I didn’t think this week was ever going to end. I swear, I was sure this was going to be my purgatory. It was going to be me and an empty bottle of scotch for all eternity.
Like the new Taylor Swift, Rachel Platten, says in her song ‘This Is My Boat Song‘:
I may only have one boat,
but I can make a boat-splosion
Lets give it up to the Republican National Committee for making a bad thing worse
Donald Trump, the presidential candidate for those of us who want to hasten the end, is calling shenanigans after the RNC has effectively rescinded Democracy. Its like watching the varsity team football captain, who just so happens to be a giant ass, get told that, while he did in fact win most of the votes to become prom king, the party has been moved to a secret location and now he isn’t invited. Who is the bad guy here? The guy who is probably going to let corporations hire private armies to patrol a reincarnation of the Berlin wall -OR- an actual conspiracy? Who would you support? Lizardmen or some kind of Hitler/Stalin Hybrid?
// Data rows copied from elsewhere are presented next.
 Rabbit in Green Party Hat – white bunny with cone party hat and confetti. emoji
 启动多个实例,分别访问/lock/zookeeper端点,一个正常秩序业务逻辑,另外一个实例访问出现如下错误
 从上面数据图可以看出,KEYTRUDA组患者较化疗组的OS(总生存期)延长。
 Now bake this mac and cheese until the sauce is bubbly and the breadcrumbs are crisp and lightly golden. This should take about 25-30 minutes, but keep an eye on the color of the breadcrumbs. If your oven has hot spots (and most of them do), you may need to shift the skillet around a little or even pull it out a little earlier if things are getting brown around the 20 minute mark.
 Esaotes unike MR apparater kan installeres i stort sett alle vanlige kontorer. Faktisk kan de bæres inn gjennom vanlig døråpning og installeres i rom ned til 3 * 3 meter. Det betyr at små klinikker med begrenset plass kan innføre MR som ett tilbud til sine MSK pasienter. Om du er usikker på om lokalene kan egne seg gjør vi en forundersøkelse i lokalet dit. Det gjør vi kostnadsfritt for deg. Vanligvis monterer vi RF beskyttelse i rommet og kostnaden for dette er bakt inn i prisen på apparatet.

You’re out of craps to give. I’m out of craps to give. This whole damn country is out of craps to give.
Zika Virus ‘scarier than initially thought’
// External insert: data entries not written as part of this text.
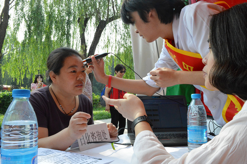5月21、22日,支部党员随同色情片日化协会一行,参加了2016年海淀科技周主场活动暨颐和园科普游园会。活动过程中主要为颐和园的游客进行了防晒祛斑咨询、皮肤护理咨询和专业的皮肤测试。一些游客亲身体验现场皮肤测试,了解了自身皮肤的光泽度、色度、油性、弹性等,学生党员耐心专业的解答和精准的仪器操作赢得了游客们的一致赞扬。整个活动中学生党员能够学以致用,既增强了专业实践能力,也提升了专业认同感,更发挥了学生党员应用的先锋模范作用。
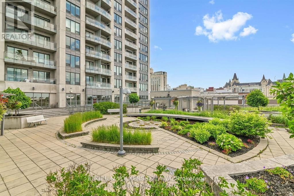 Welcome to 90 George Street, one of Ottawa's most prestigious condominium residences. Situated on the fourth floor, this beautifully appointed one-bedroom + den suite offers a bright, south-facing layout and an expansive private terrace-perfect for enjoying sunshine throughout the day.Ideally located just steps from the vibrant ByWard Market, this home places you within walking distance of Parliament Hill, the National Gallery of Canada, the National Arts Centre, Major's Hill Park, and the CF Rideau Centre. This exceptional location offers unparalleled access to the very best of downtown living.Inside, the condo features elegant hardwood flooring, a gas stove, and a thoughtfully designed layout that blends comfort and functionality. Residents also enjoy immediate access to premium building amenities, including an indoor pool, hot tub, sauna, fully equipped fitness centre, party room, and a rooftop terrace ideal for entertaining and summer barbecues. Available June 15, 2026 (Flexible). (id:50982)
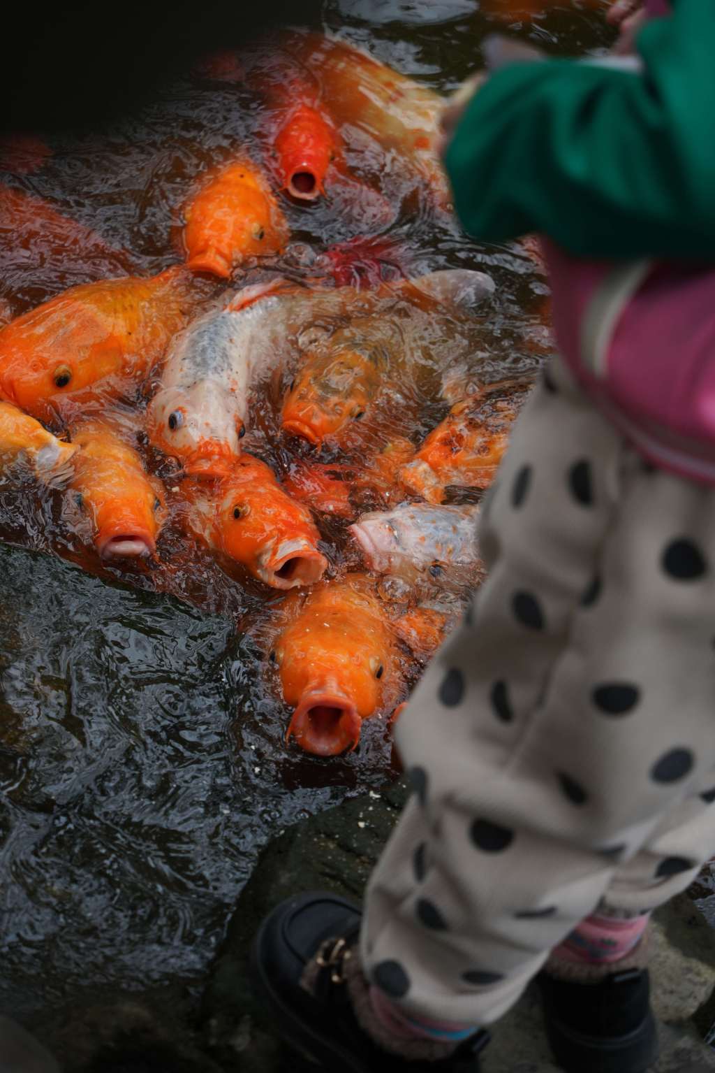 我再以陆元敏的两张进行分析,一张拍摄于南京路步行街,小女孩隔着玻璃为前景,她在观望底下密密麻麻的人群,画面传递出来的是生活的况味。除了控制好景深之外,拍摄几乎没有技巧可言。另一张,一群鱼儿张嘴露出水面讨要食物的画面,与前景小女孩裤子上斑斑点点的形成互文。普遍意义上,鱼儿在这里被视为是欢愉的象征,当然也可以被看作摄影师通过鱼儿的姿态,投射出我们自身在某一刻的生命姿态。这么说,摄影可能变得简单,甚至更为复杂了。简单的是,艺术作为一种人类高级情感的东西,有心气的艺术家一定不会简单地去复制生活,他势必要挣扎跳脱出来,走向更深的精神世界;复杂的是,我们在现场看不见鱼儿,也看不见小女孩眺望汹涌的人群身姿,更无法想象在未来某一刻她也加入到这滚滚红尘中,起起伏伏。我们与这些“景和物”擦肩而过。这里我们不得不承认,人的感知力有强弱之分,当生活向我们开启它的真相之时,是秘而不宣,稍纵即逝的,它以摄影的“灵光”形式闪现出来。

On the heels of the announcement that all our sweet sweet Ebola money was being reallocated and that you may soon get condoms in addition to the usual Ebola-covered biscoff when arriving at American airports, it turns out the Zika virus is actually slightly worse than expected. For one, it can be transmitted sexually and not necessarily with mosquitoes, you weirdo. Secondly, it can cause ‘premature birth, eye problems and other neurological conditions’. Now, if I’ve got it right, it originally caused microcephaly, which can basically be described as ‘the rest of your head is pretty well screwed’ so I’m not sure how these 3 new things are much worse than that, but sure, we’ll go with it.
Maybe our new squinty eyes and tiny brains can help us figure out who to vote for in the upcoming elections.
Here’s hoping it’s a skidmark.
ALRIGHT. I’M DONE. GET OUT OF HERE PEOPLE.